*** DATA EXCERPTS ***

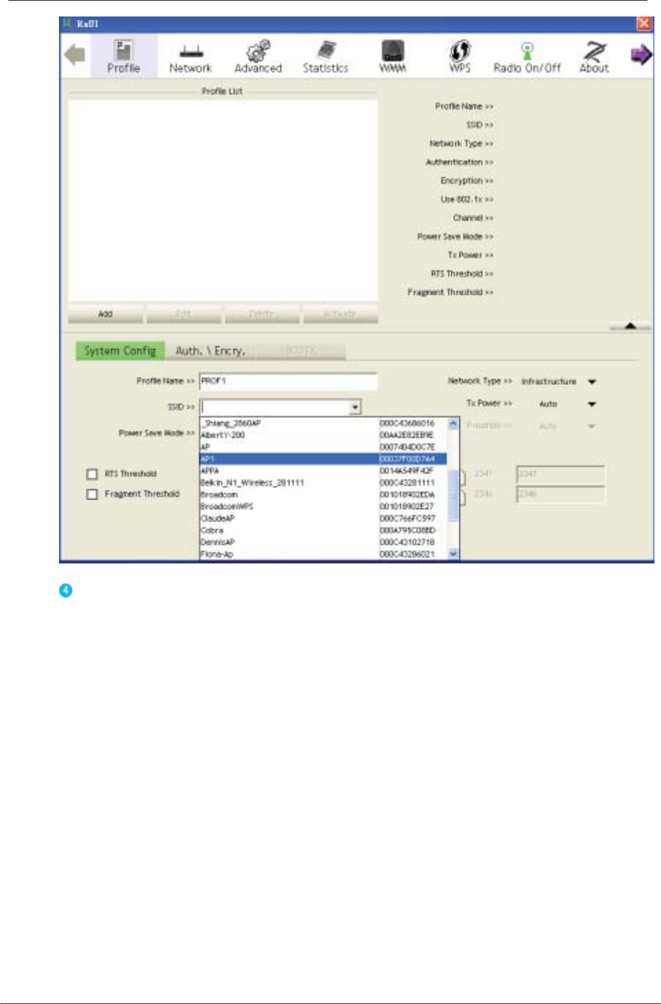 entered for the network. In Infrastructure mode, make sure the same Service Set Identifier (SSID) is
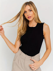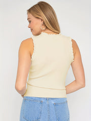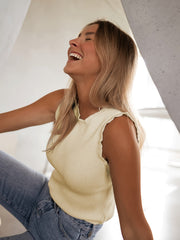 Elegancka Top bez Rękawów z Błyszczącymi Pasami i Kraciastymi Krawędziami
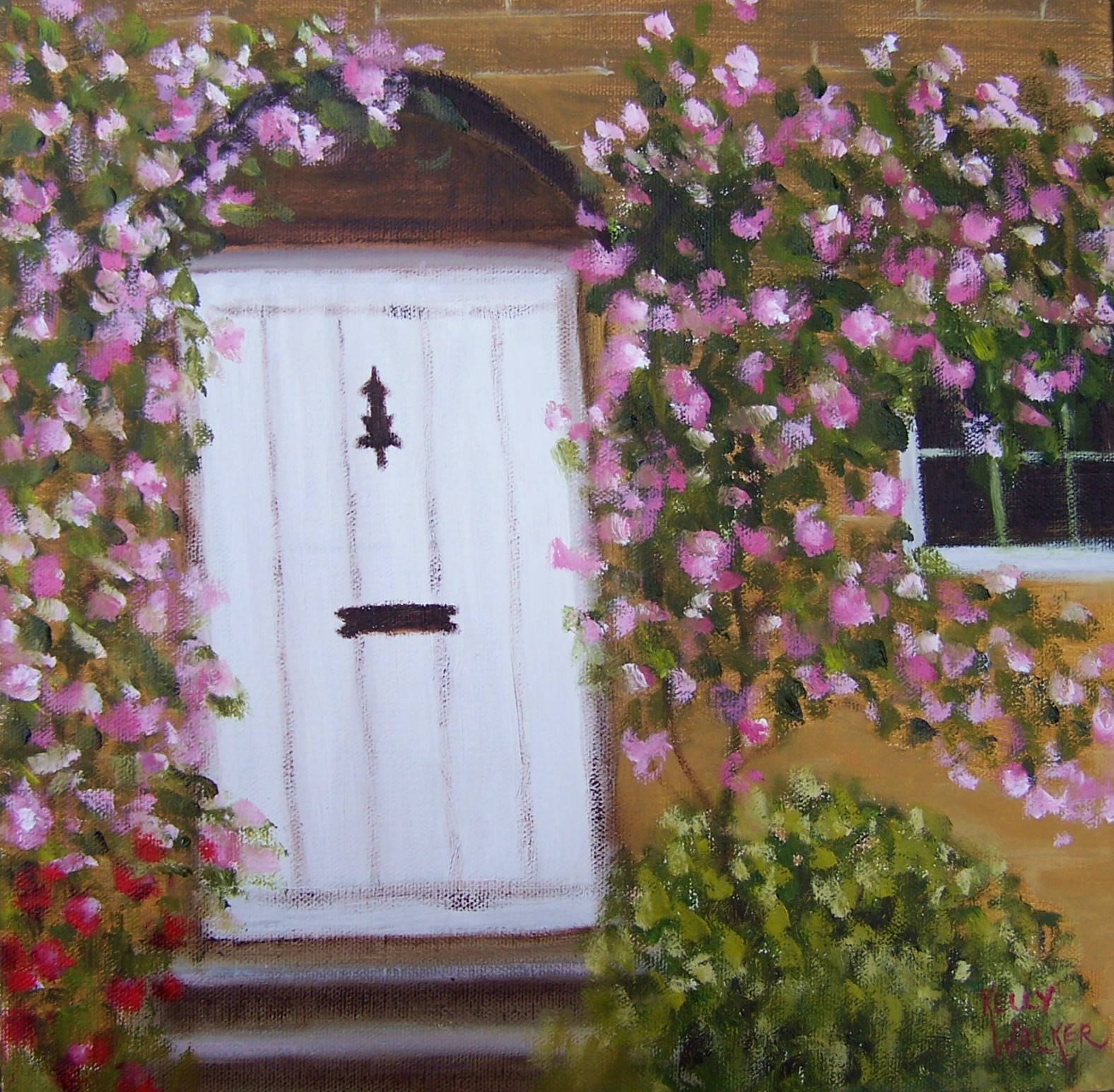 Roses by the Door is an oil on canvas measuring 12″x12″ and is available for $195 framed. This is the second in the House and Garden series of paintings. (Click here to see the first one.)
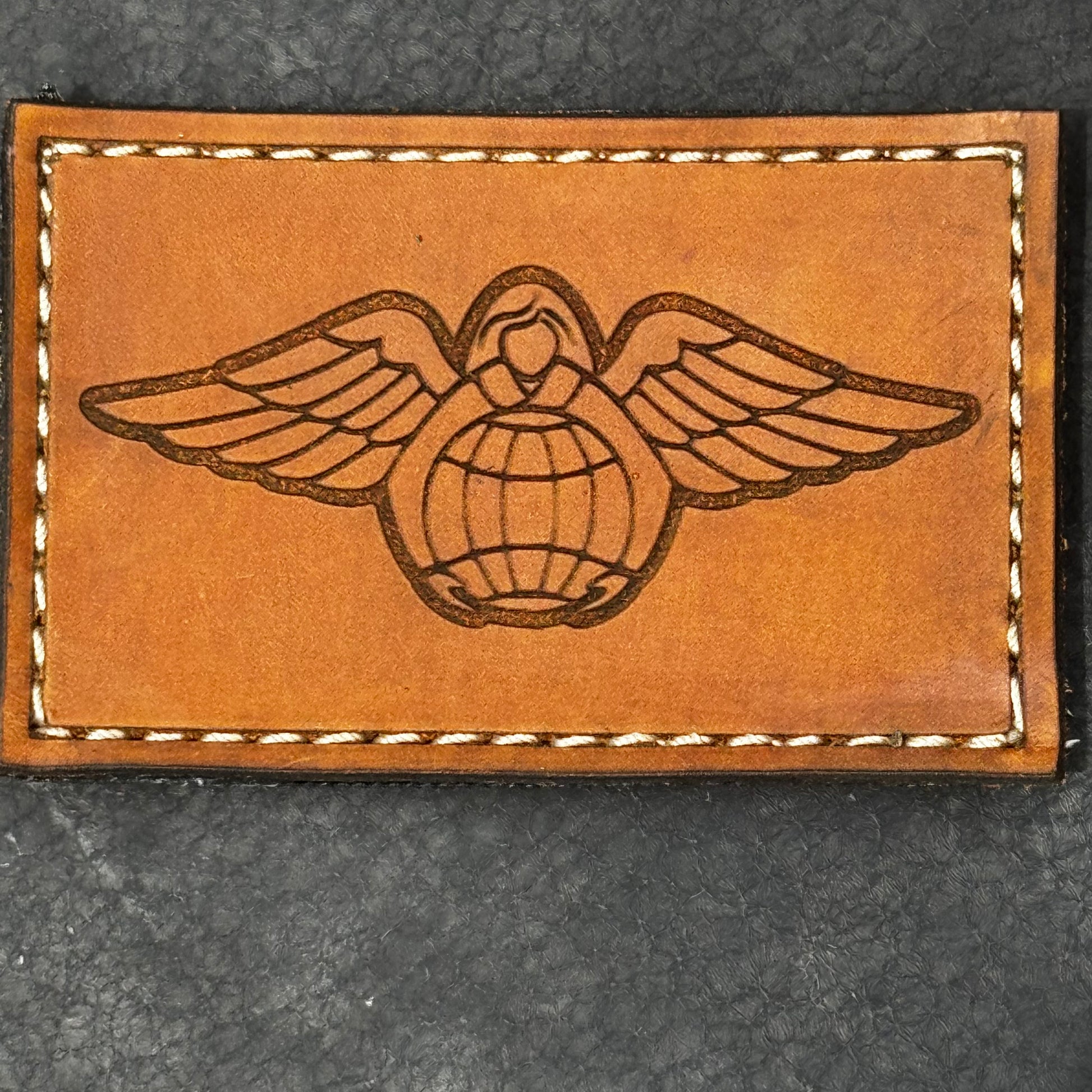 3.5" wide, engraved REAL leather stitched to hook and loop. Ready for any mission!
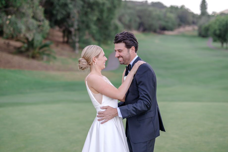 The guests started arriving, and I needed to move from the mansion to the clubhouse before the ceremony without anyone seeing me, so we had my bridesmaids hold a tablecloth around me and walked past the guests.
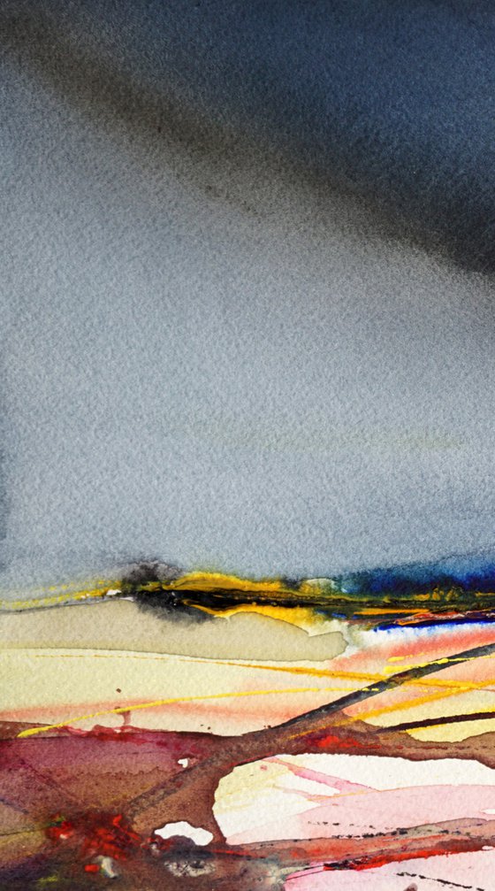 This is abstract watercolor painting 9x12in (~22x30cm) done with watercolor paints on arches paper (140 lb); the painting requires framing. I call it Landscape 21-5.
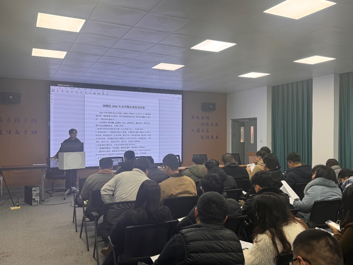 精细培训强队伍,锻造学工铁军。 班主任是学生成长的引路人,是连接学校与家庭的桥梁。智数院全体班主任、辅导员、教育长参加了由学校统一组织的心理安全工作培训会,此次培训会聚焦后疫情时期学生心理特点,通过专家讲座与案例研讨,为一线学生工作者提供了科学有效的指导。在班主任工作例会上,学工办各位老师围绕班级建设、日常教育管理、心理健康精准帮扶、安全底线守护等主题展开专题培训。提升班主任队伍的专业素养和育人能力。会议强调,班主任要做守土尽责的“责任人” ,严格落实各项管理制度,及时掌握学生思想动态;更要当暖心贴心的“引路人”,把“爱的教育”融入严格管理中,通过耐心倾听、真诚沟通、及时帮助,成为学生成长道路上可信赖的“同路人”。培训现场气氛热烈,班主任们纷纷表示,将以更饱满的热情、更专业的素养投入到新学期工作中。
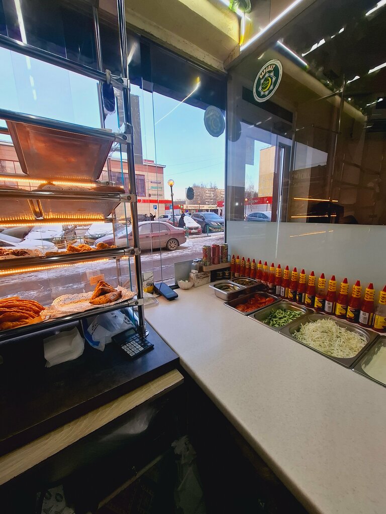 Очень вкусная шаурма. Берем не первый раз, сочная, много мяса. Пирожки с картошкой тоже вкусняцкие. Много всего вкусного, надо будет все попробовать)
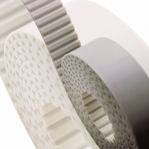Megalinear open end timing belts are made of thermoplastic polyurethane for superior wear and abrasion resistance. A wide range of different cords (zinc-coated steel, Kevlar, stainless steel, High Performance, High Flexibility) offer exceptional operational characteristics, even under high tractive loads. Normally used in linear motion drives, Megalinear belts can be supplied as open end rolls or as endless jointed belts; they are particularly well suited where positioning accuracy, dimensional stiffness, high linear speed,  low noise generation and long maintenance-free cycles are key requirements.
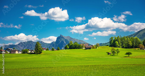 © defpics, Obraz premium Landschaftspanorama mit grüner Wiese und den Traunstein im Hintergrund, Salzburg, Österreich

***

The entries must be repeated exactly. Leave the images out.

COMPLETED TASK:
 entered for the network. In Infrastructure mode, make sure the same Service Set Identifier (SSID) is
 Elegancka Top bez Rękawów z Błyszczącymi Pasami i Kraciastymi Krawędziami
 Roses by the Door is an oil on canvas measuring 12″x12″ and is available for $195 framed. This is the second in the House and Garden series of paintings. (Click here to see the first one.)
 3.5" wide, engraved REAL leather stitched to hook and loop. Ready for any mission!
 The guests started arriving, and I needed to move from the mansion to the clubhouse before the ceremony without anyone seeing me, so we had my bridesmaids hold a tablecloth around me and walked past the guests.
 This is abstract watercolor painting 9x12in (~22x30cm) done with watercolor paints on arches paper (140 lb); the painting requires framing. I call it Landscape 21-5.
 精细培训强队伍,锻造学工铁军。 班主任是学生成长的引路人,是连接学校与家庭的桥梁。智数院全体班主任、辅导员、教育长参加了由学校统一组织的心理安全工作培训会,此次培训会聚焦后疫情时期学生心理特点,通过专家讲座与案例研讨,为一线学生工作者提供了科学有效的指导。在班主任工作例会上,学工办各位老师围绕班级建设、日常教育管理、心理健康精准帮扶、安全底线守护等主题展开专题培训。提升班主任队伍的专业素养和育人能力。会议强调,班主任要做守土尽责的“责任人” ,严格落实各项管理制度,及时掌握学生思想动态;更要当暖心贴心的“引路人”,把“爱的教育”融入严格管理中,通过耐心倾听、真诚沟通、及时帮助,成为学生成长道路上可信赖的“同路人”。培训现场气氛热烈,班主任们纷纷表示,将以更饱满的热情、更专业的素养投入到新学期工作中。
 Очень вкусная шаурма. Берем не первый раз, сочная, много мяса. Пирожки с картошкой тоже вкусняцкие. Много всего вкусного, надо будет все попробовать)
Megalinear open end timing belts are made of thermoplastic polyurethane for superior wear and abrasion resistance. A wide range of different cords (zinc-coated steel, Kevlar, stainless steel, High Performance, High Flexibility) offer exceptional operational characteristics, even under high tractive loads. Normally used in linear motion drives, Megalinear belts can be supplied as open end rolls or as endless jointed belts; they are particularly well suited where positioning accuracy, dimensional stiffness, high linear speed,  low noise generation and long maintenance-free cycles are key requirements.
 © defpics, Obraz premium Landschaftspanorama mit grüner Wiese und den Traunstein im Hintergrund, Salzburg, Österreich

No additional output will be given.